Cu (I)-Catalyzed Azide-Alkyne Click Chemistry (CuAAC)

CuAAC, also known as the Huisgen reaction, remains a cornerstone in peptide synthesis. Here’s how it works:

1. Azide and Alkyne Functionalization: Peptides are modified with azide (–N₃) and alkyne (–C≡CH) groups.
2. Copper(I) Catalyst: In the presence of a copper(I) catalyst, the azide and alkyne react to form a stable triazole linkage.
3. High Yield and Selectivity: CuAAC offers excellent yield and selectivity, making it ideal for peptide conjugation.

Strain-Promoted Azide-Alkyne Click Chemistry (SPAAC)
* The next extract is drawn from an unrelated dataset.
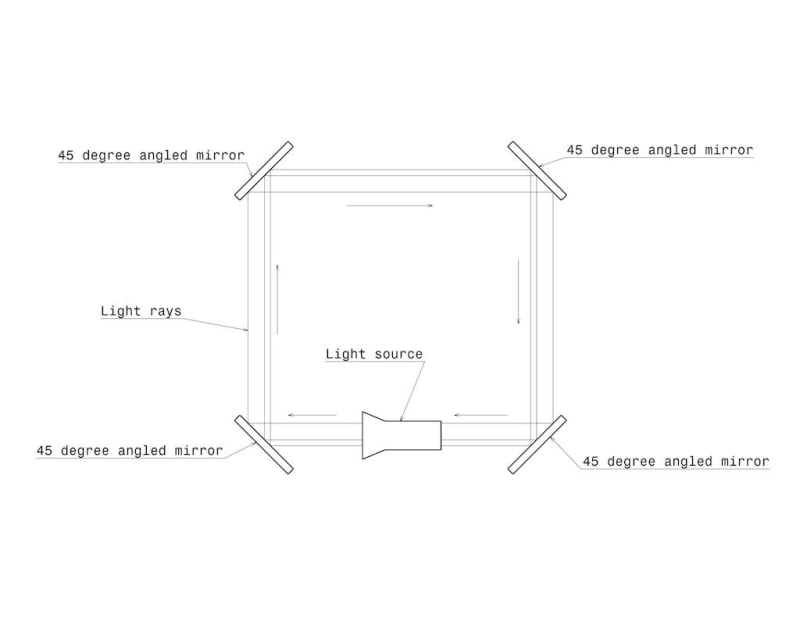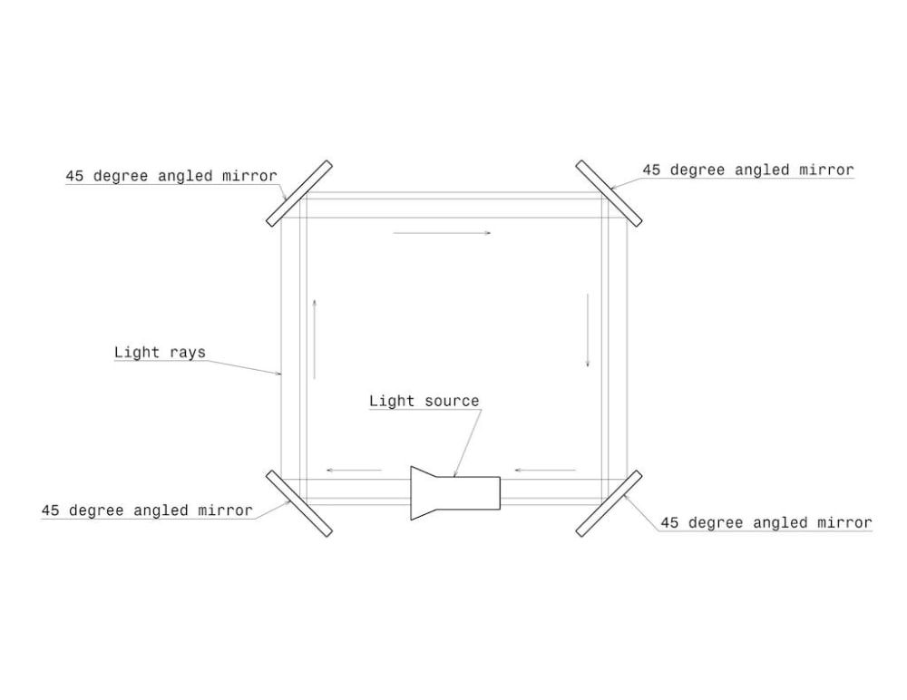 This project is about doing an experiment on circulation of light. It is known that mirrors can reflect light and there is a device called the periscope used for this purpose. The mirrors of a periscope are fixed 45 degrees to reflect light. What if we place four mirrors at an angle of 45 degrees as seen in the picture and shine a light on one end as seen in the figure. Assuming that the media is ideal and the mirror can reflect 100 percent and if we move the light source away from the mirror faster than the speed of light, does the light rays keep circulating? This project is only some part of the project I am developing but it is critical I know the answer to it and I need a simulation test or actual test to proceed to the black hole experiment.

SPAAC, a copper-free variant, avoids the need for metal catalysts. Key features:

1. Strain-Driven Reaction: The reaction relies on strained cyclooctynes (e.g., DBCO) and azides. No copper required!
2. Bioorthogonal: SPAAC occurs selectively in biological environments without interfering with native biomolecules.

Tetrazine-Alkene Ligation

LifeTein also employs tetrazine-alkene ligation for peptide-drug conjugation:

1. Tetrazine and Alkene: Peptides are functionalized with tetrazine and alkene groups.
2. Rapid Reaction: Tetrazine reacts with alkene (e.g., trans-cyclooctene) in a bioorthogonal, rapid ligation.

FAQ

Q: What advantages does click chemistry offer in peptide synthesis?

A: Click chemistry provides precise, efficient conjugation, enabling the creation of peptide-drug conjugates and other bioconjugates.

Q: Which drugs are successfully conjugated by LifeTein?

A: LifeTein excels in conjugating MMAE, Panobinostat, Tazmetostat, and FK506 to peptides.

Q: Can LifeTein perform site-specific PEGylation of peptides?

A: Yes! Using maleimide or click chemistry, LifeTein achieves site-specific PEGylation for versatile applications.